Остен этого, впрочем, даже и не скрывает, значит, раз уж архетип известен и сюжет очевиден, следует следить за оттенками. А они здесь, в сельской глуши, где соседи, как и положено людям состоятельным и просвещённым, постоянно обсуждают планы по преобразованию поместий и улучшению парковых ландшафтов, презабавные.

Достаточно сказать, что, несмотря на заповедную зону, в которой происходит действие (усадьбы, парк, лес, вересковые пустоши) не оставляет ощущение клаустрофобически замкнутого пространства, внутри которого заперта группа колбасящихся друг с другом персонажей.

Позже, скажем, у Агаты Кристи, эта сцена сузится до территории вагона и даже купе, а пока людям, совершенно не терпящим чужаков (тому, с каким трудом Фанни обживалась в Мэнсфилде посвящена добрая часть первого тома), постоянно хочется остаться в кругу родных и близких — ведь всё зло и непредсказуемые последствия (а, значит, зло в квадрате) происходит от чужих (= лихих) людей.

Ну, а ещё от «не имеющего оправдания театра». Читать книги это правильно и хорошо, а вот играть в театр (пользуясь отлучкой дяди Томаса, мэнсфилдская молодёжь пытается поставить пьесу Коцебу о внебрачном сыне, после чего, собственно, и начинается весь любовный тарарам, а покой и воля, как основа правильной, праведной жизни, идут под откос) означает развращаться до самой последней степени непристойности.

Так, по крайней мере, считают Фанни и её будущий муж. Странно, но главные положительные герои (впрочем, как убеждает Набоков, самые невыразительные и невзрачные, так как это только порок рядится и расфуфыривается, а добродетель должна быть пресной) оказываются и самыми консервативными.

Фанни категорически отказывается принимать участие в дурацкой затее (она болезненна, меланхолична и никому не нужна, из-за чего никто не настаивает), а Эдмунд поначалу тоже противится постановке, но потом, всё-таки, соглашается. Для того, чтобы быть поближе к своей тогдашней возлюбленной Мэри (сестре главного разлучника, в том числе волочащегося и за Фанни). Хотя влюблённой в него кузине он объясняет это нежеланием видеть в усадьбе посторонних.

Ведь если пьеса не разойдётся на жителей Мэнсфилда, то придётся же приглашать и вводить в спектакль соседей. А это уже просто оргия какая-то, сравнимая разве что со свальным грехом.

Кстати, слово «оргия» здесь действительно, в отношении театра, употребляется.

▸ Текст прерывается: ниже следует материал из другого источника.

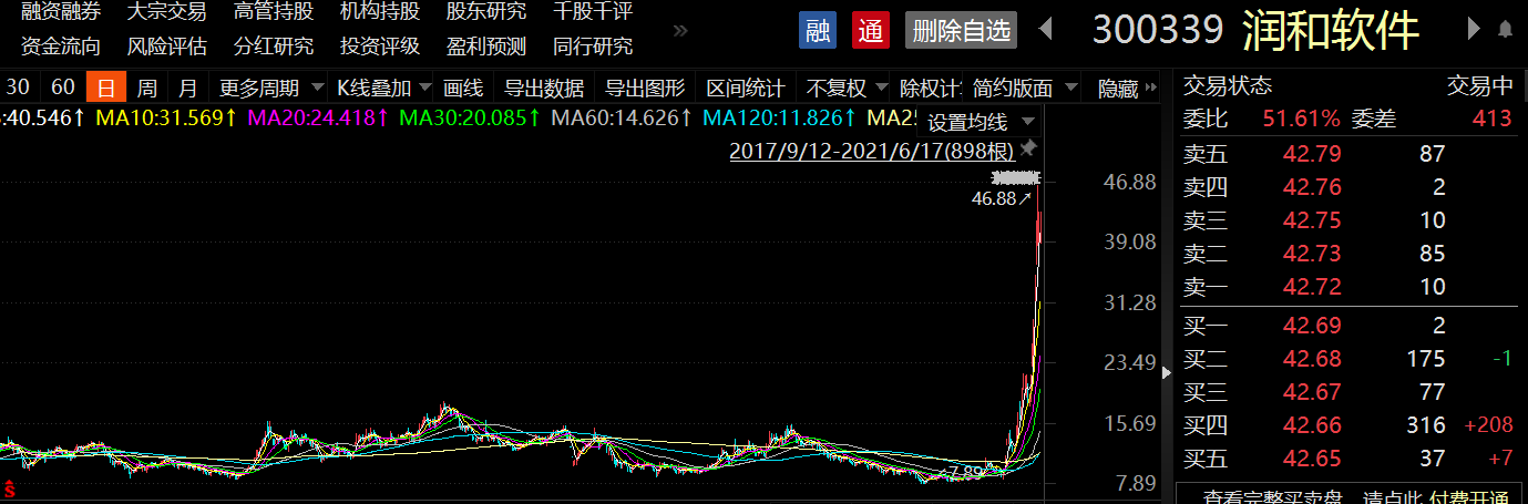 润和软件于2012年7月18日正式登陆A股市场,发行价为20.39元/股。2015年公司股价大涨,最高涨至93.88元/股,此后股价持续调整。2017年6月至2021年5月的近四年时间,润和软件股价均在10元上下徘徊,直至此次大涨。
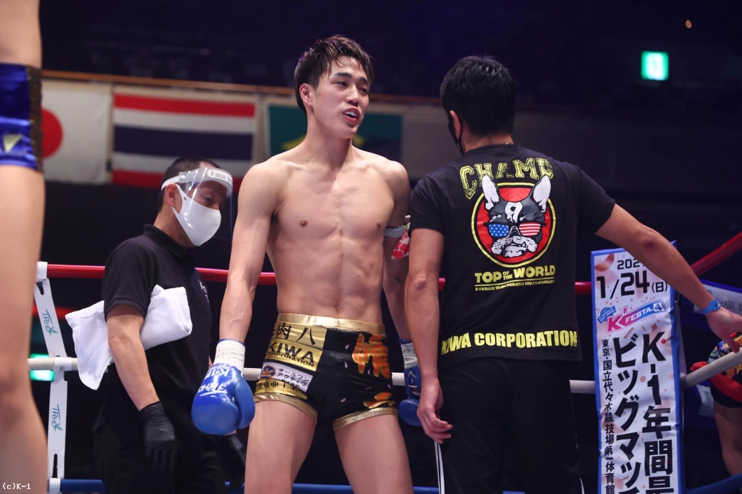 (延長は自分が取った?)そうですね。最後は自分のほうが前に出たのかなっていう。自分もボディを当てることはなかったですけど、とくにクリーンヒットももらってないし。大沢選手にクリーンヒットを当ててない状況で、アグレッシブに前に前に攻めていったら心強いかなと思ってたんで、そこは前に出て攻め抜きました。(ファンにメッセージを)コロナの影響もあって、うまくいかないこともあったんですけど、応援してくれていたファンのみなさんには感謝しています。来年はKrushのベルトを獲って、もっともっと上にいこうと思ってるんで、これからも応援よろしくお願いします」

«Ещё через день-другой отбыл и мистер Йейтс. Вот в чьём отъезде был крайне заинтересован сэр Томас; когда жаждешь остаться наедине со своим семейством, тяготишься присутствием постороннего и получше мистера Йейтса; а он — незначительный и самоуверенный, праздный и расточительный — обременял до крайности. Сам по себе утомительный, он в качестве друга Тома и поклонника Джулии оказался непереносим. Сэру Томасу было вовсе безразлично, уедет или останется мистер Крофорд, но, сопровождая мистера Йейтса до дверей, он желал ему всяческого благополучия и доброго пути с искренним удовлетворением. Мистер Йейтс видел собственными глазами, как пришёл конец всем театральным приготовлениям в Мэнсфилде, как было убрано всё, что имело касательство к спектаклю; он покинул усадьбу, когда она вновь приобрела свойственную ей умеренность; и, выпроваживая его, сэр Томас надеялся, что расстаётся с наихудшей принадлежностью этой затеи, которая неизбежно напоминала бы о её недавнем существовании...» Но не тут-то было.

Подобно либертенам маркиза де Сада (кто первый написал об этом, снова Делёз?), герои Остин всё время норовят оказаться в замкнутом пространстве, дабы предаться там, невидимым всему прочему миру, оргиям разнузданной фантазии.

При полной внешней беспристрастности и сдержанности.

Именно на этих особенностями аристократического поведения, настоянного, вроде бы, на сплошных условностях, и базируются главные двигатели сюжета.

Постановка пьесы движется к премьере, как вдруг неожиданно, из дальних странствий возвратясь, в усадьбе появляется дядюшка Томас, шокированный тем, что в его отсутствие молодежь занимается совершеннейшим непотребством.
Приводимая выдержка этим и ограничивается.